Calibration “makes it easier for managers to deliver honest but negative performance appraisals,” Grote said. It also has the benefit of exposing talented employees to a larger number of senior leaders.
To work well, managers must be trained to prepare for and participate appropriately in a calibration session, and to differentiate performance accurately — particularly when many people are rated the same.

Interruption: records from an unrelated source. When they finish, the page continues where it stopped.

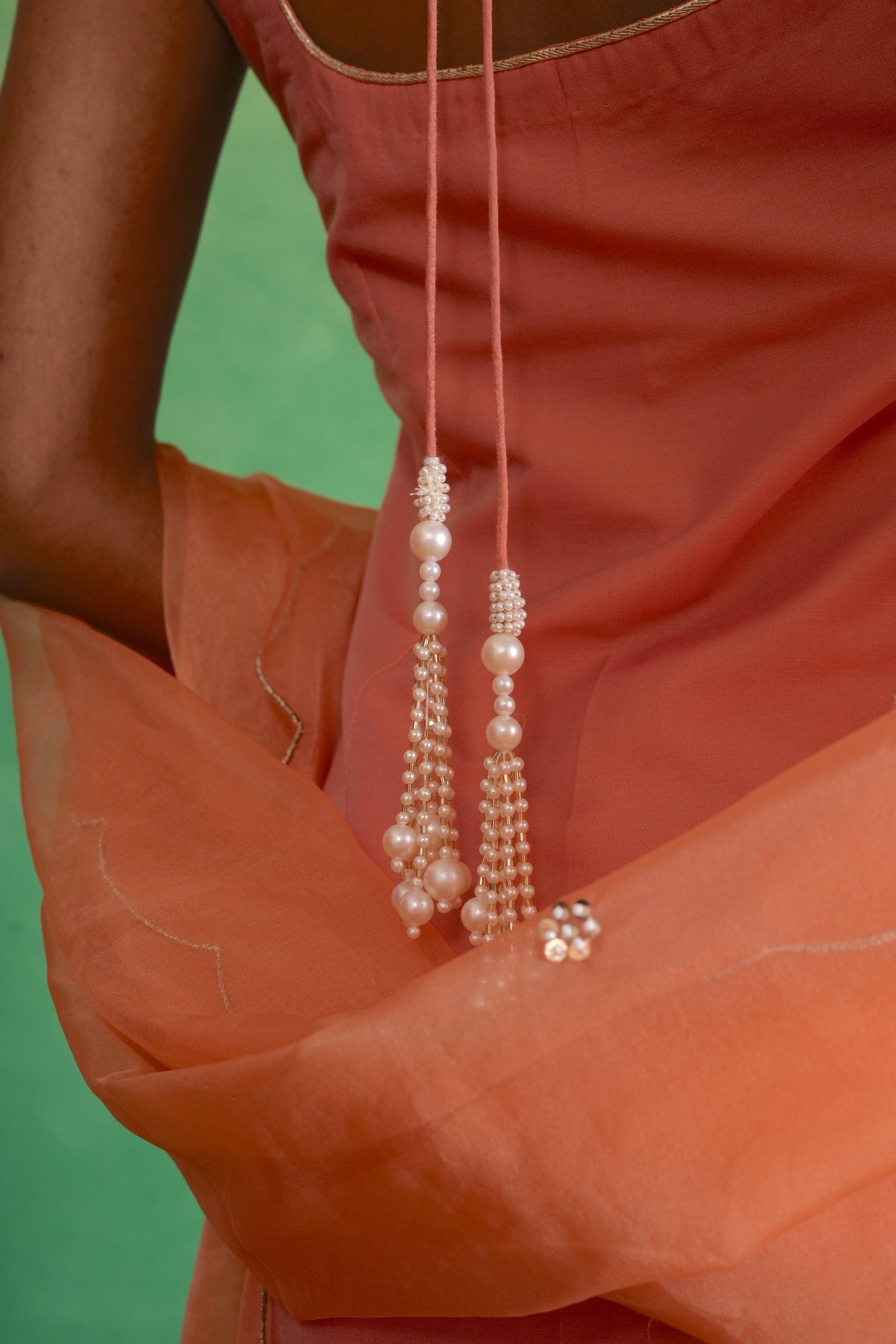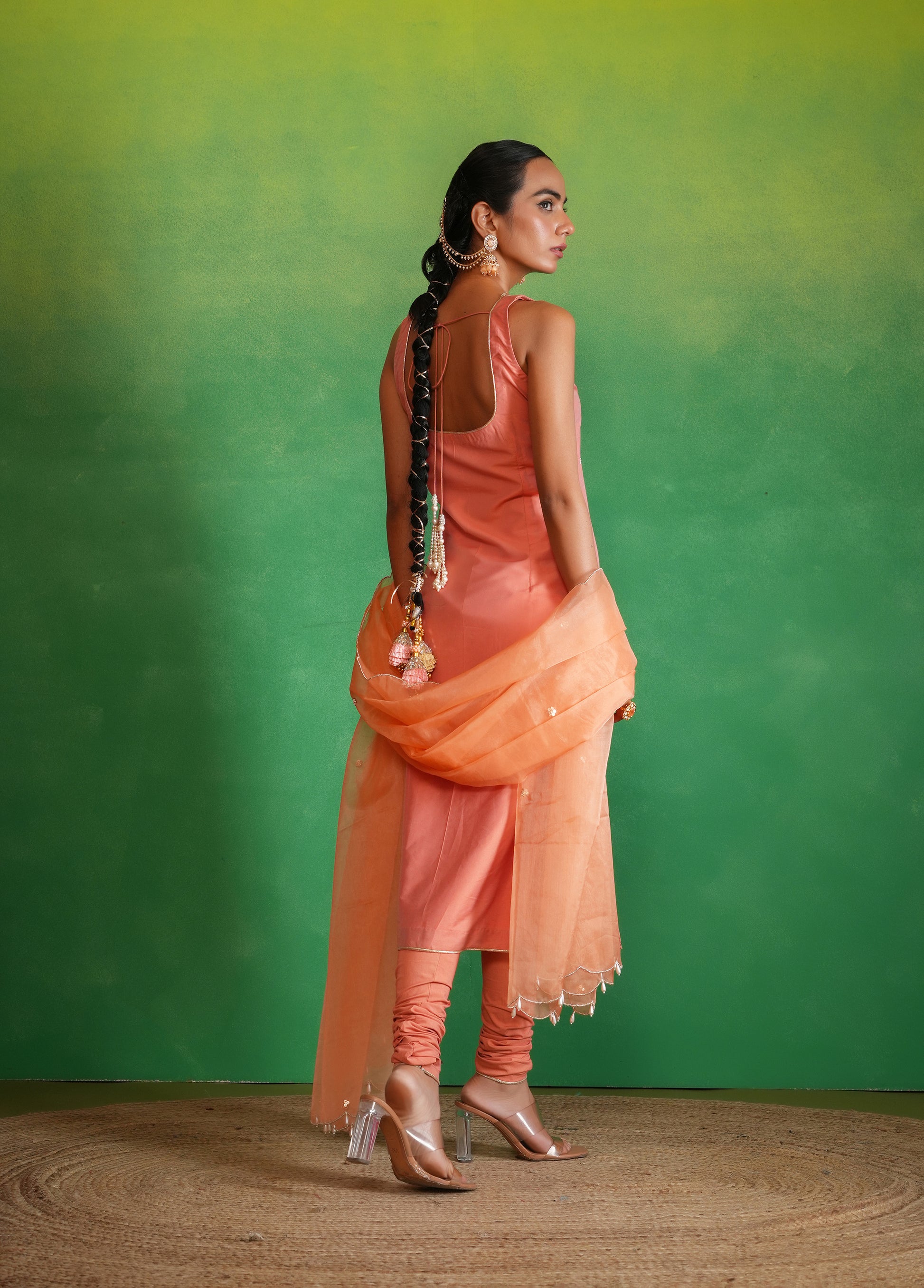 Soft and graceful, the peach sleeveless straight kurta set features delicate ari and jari embroidery, complemented by a pearl tassel detail at the back. Paired with a classic chooridar and an embroidered dupatta finished with scalloped edges and pearl hangings, it creates a refined and feminine look.
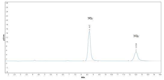 表1. 亞硝酸鹽及硝酸鹽的標(biāo)準(zhǔn)曲線濃度(μg/mL)
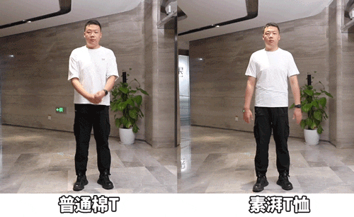 品牌做热传递测验:将手放在素湃T恤和普通棉T下面,等待身体的热量透过,普通棉T要经过7秒才能将温度升高至32度。
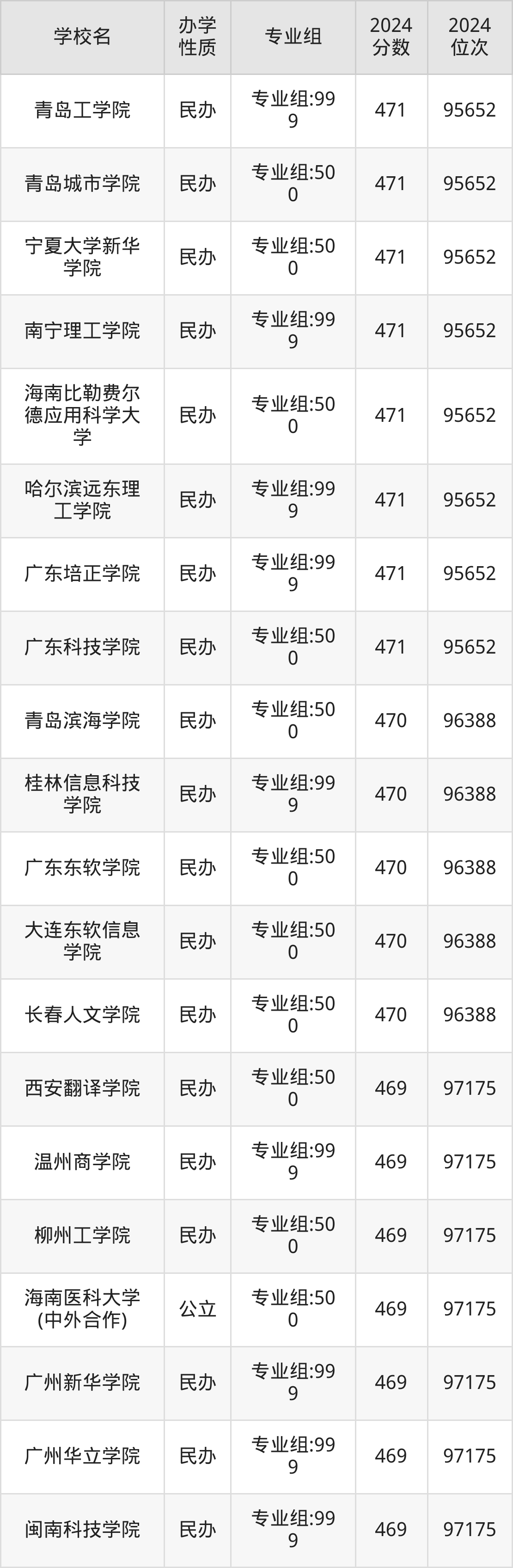 | 广东东软学院 | 专业组:50 0 | 470 | 96388 |
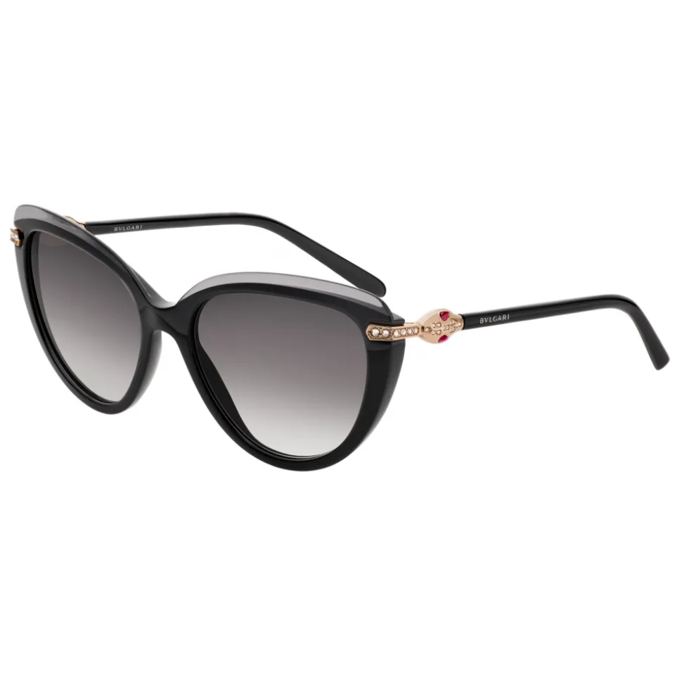 Bvlgari Serpenti cat-eye acetate frame with a transparent front browline exalting the volumes. A new interpretation of the iconic snake head adds a sparkling touch to the front piece while injecting comfort with flexible hinges.
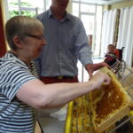 Un moment clé a été l’activité autour des ruches et du miel. En juin, nous avons fait une première récolte. Les résidants ont pu s’essayés à l’extraction du miel. Les mains collantes…nous avons eu le droit de se lécher les doigts, quelle joie!
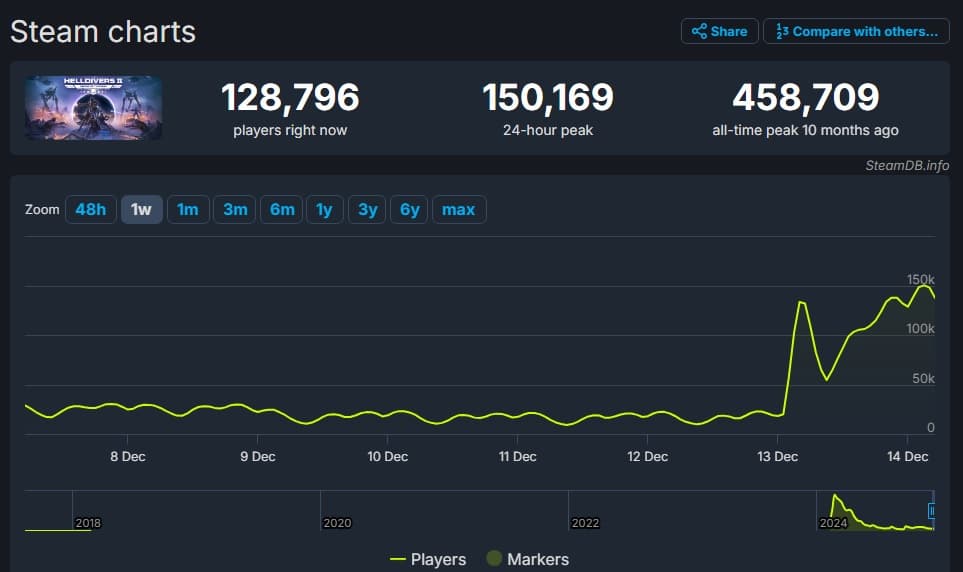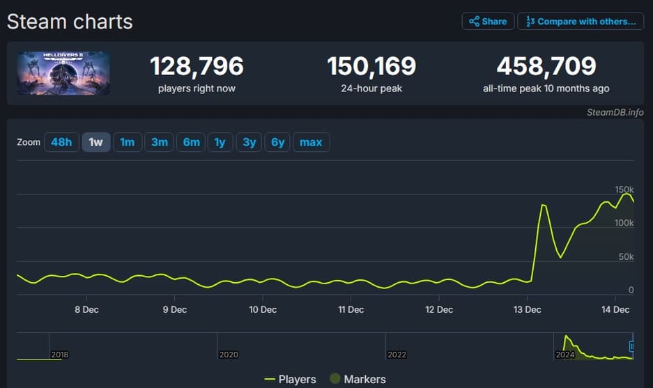 В течение декабря Helldivers 2 редко превышала отметку в 30 тысяч одновременных игроков, а в большинстве дней не достигала и 20 тысяч, но после выхода обновления аудитория бросилась в игру.
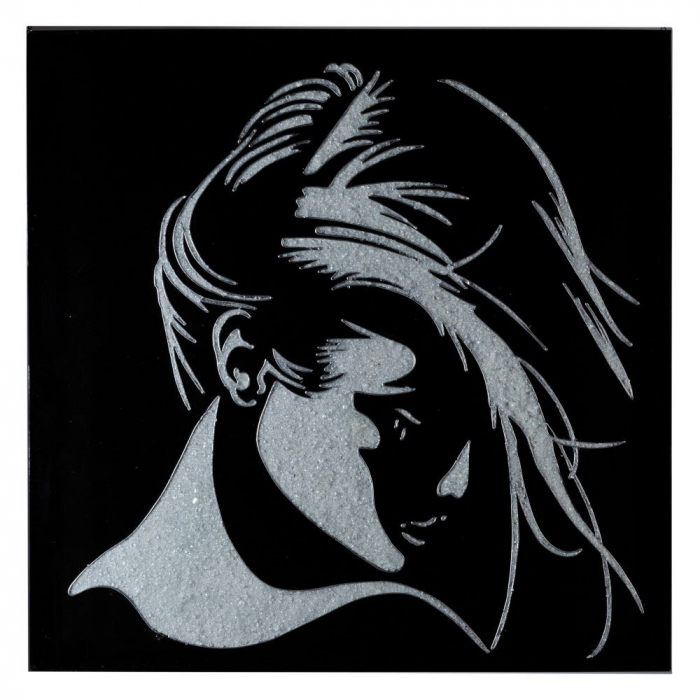 Designul grafic inspiră mister, atitudine și stil contemporan. Este piesa ideală pentru cei care caută un element artistic cu impact vizual puternic, dar cu o simplitate aparentă ce atrage privirea.
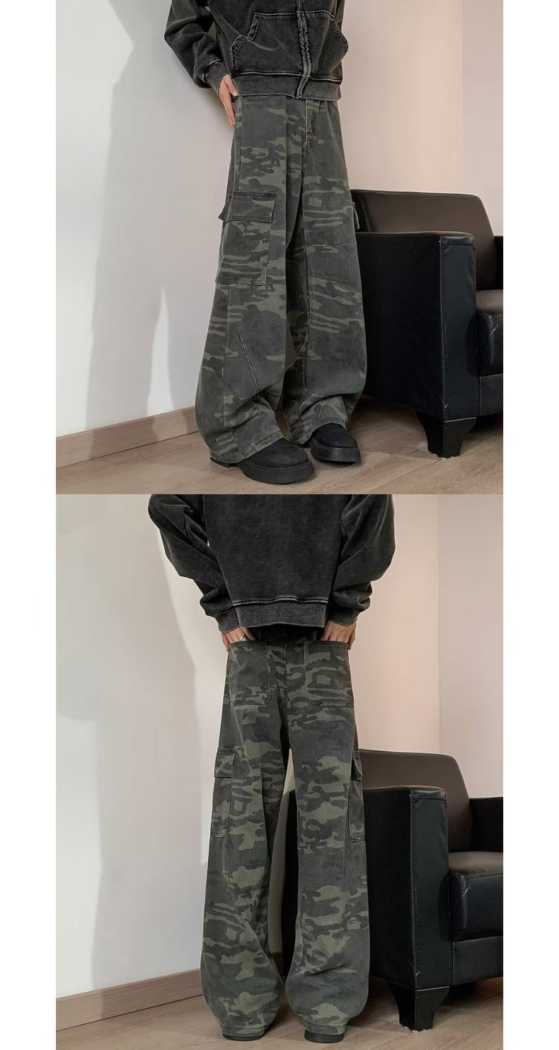 위장 바지 남성 가을 미국식 복고풍 목재 바지 봄과 가을 슬림 핏 스트레이트 바지
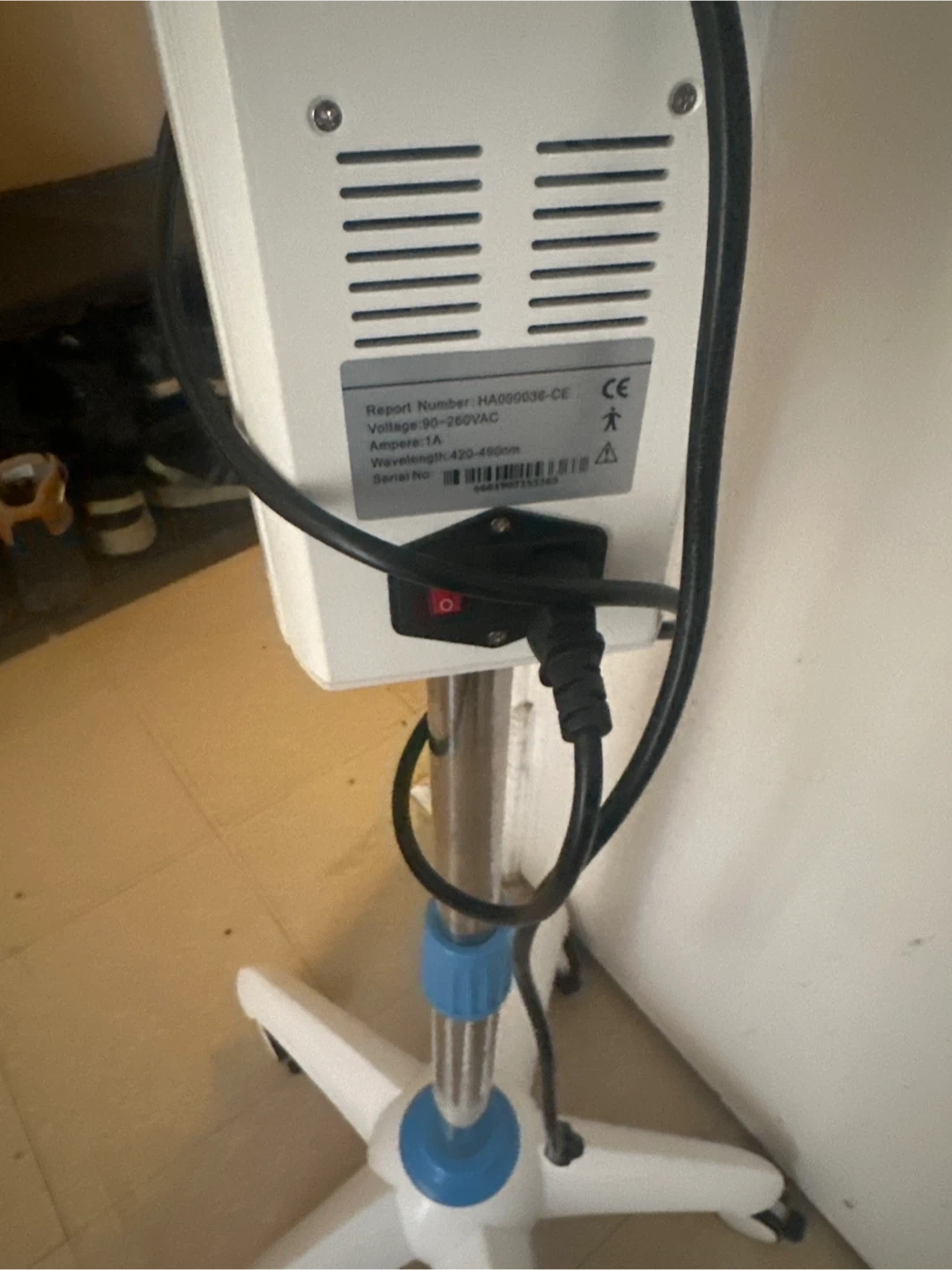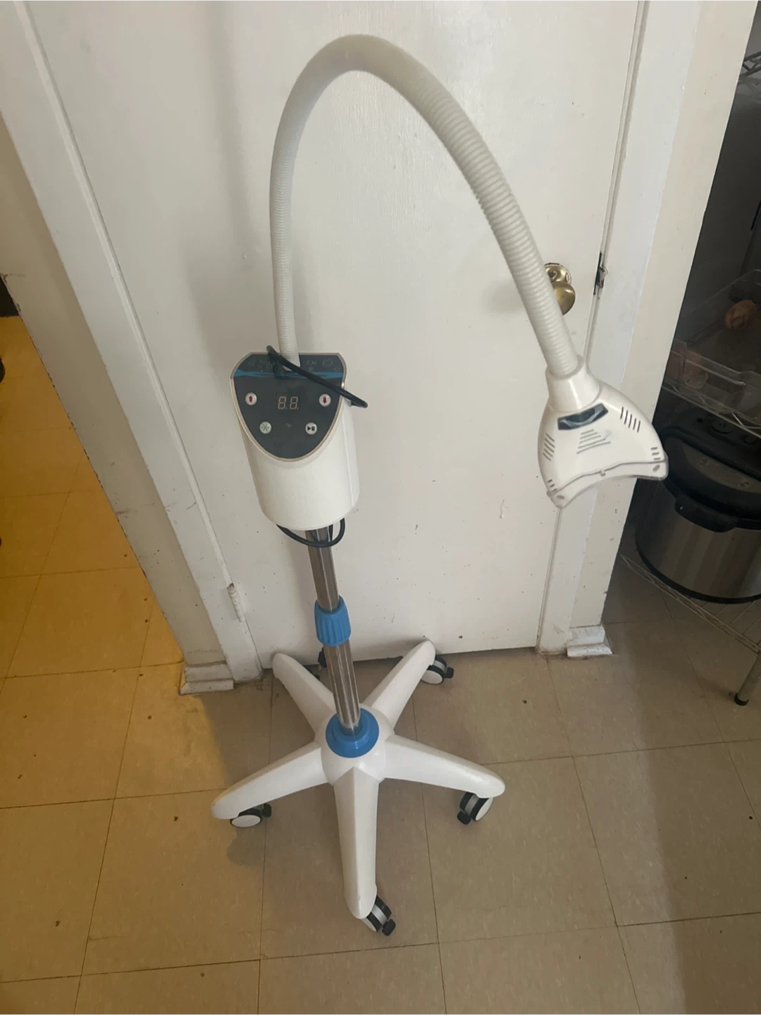 Selling a teeth whitening machine in good condition. It features a flexible arm and adjustable height for easy use. The machine has a digital display and simple controls. Great for professional or home use!
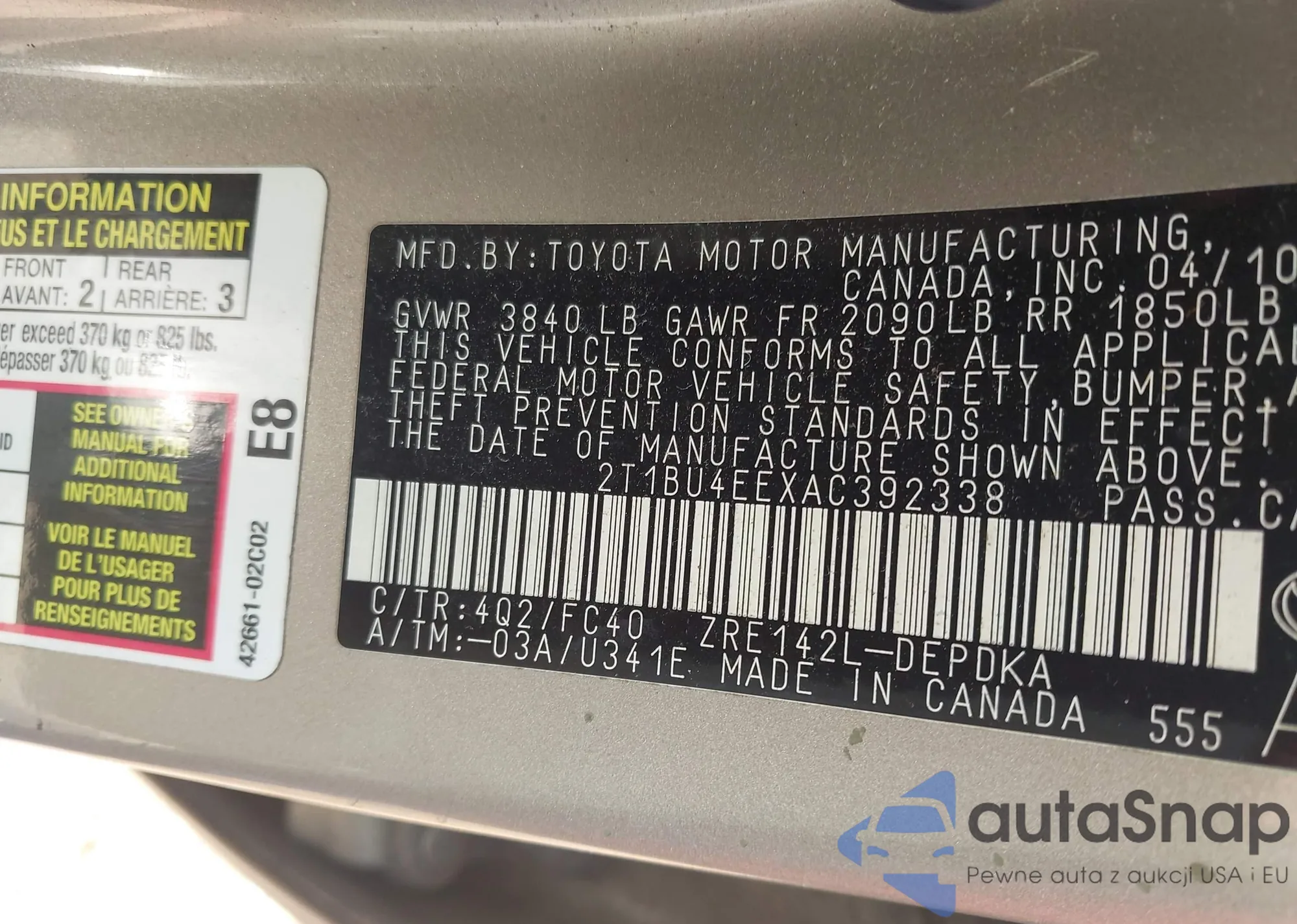 • VIN 2T1BU4EEXAC392338

Grote also highlighted the need to “provide skilled and brave facilitators” for calibration sessions, particularly the first time. “The facilitator’s role is to make sure that ratings managers have data, not just favorable or unfavorable views,” he noted.
Grote recommends the traditional “low tech” system of using wall-mounted flip charts divided by the ratings scale, with a Post-it note for each employee being evaluated, so that the distribution of Post-it notes in relation to the distribution guidelines is visually clear.
While it’s important to group employees together in appropriate pools based on the common nature of work, the process can work when evaluating large groups, using big boards that take up a good share of wall space and dozens of Post-its, with sessions lasting up to two to three hours.
“Give out ground rules for appropriate behavior during the session, and make participants responsible for policing each other,” Grote advised.
With discussion, Post-it notes get moved as managers realize they may be applying different standards than other managers, and as they share their experiences with employees who aren’t direct reports or their evaluations of those employees’ work results.
Managers may be asked why someone is a “4” and not a “3” — and to justify that decision with data and examples. Similarly, they may be asked why someone whose work is highly regarded wasn’t rated a “4” or a “5.”
“There’s an emotional impact when a manager realizes his or her rating of an employee was too low or too high, and gets up and changes the Post-it’s position,” Grote observed.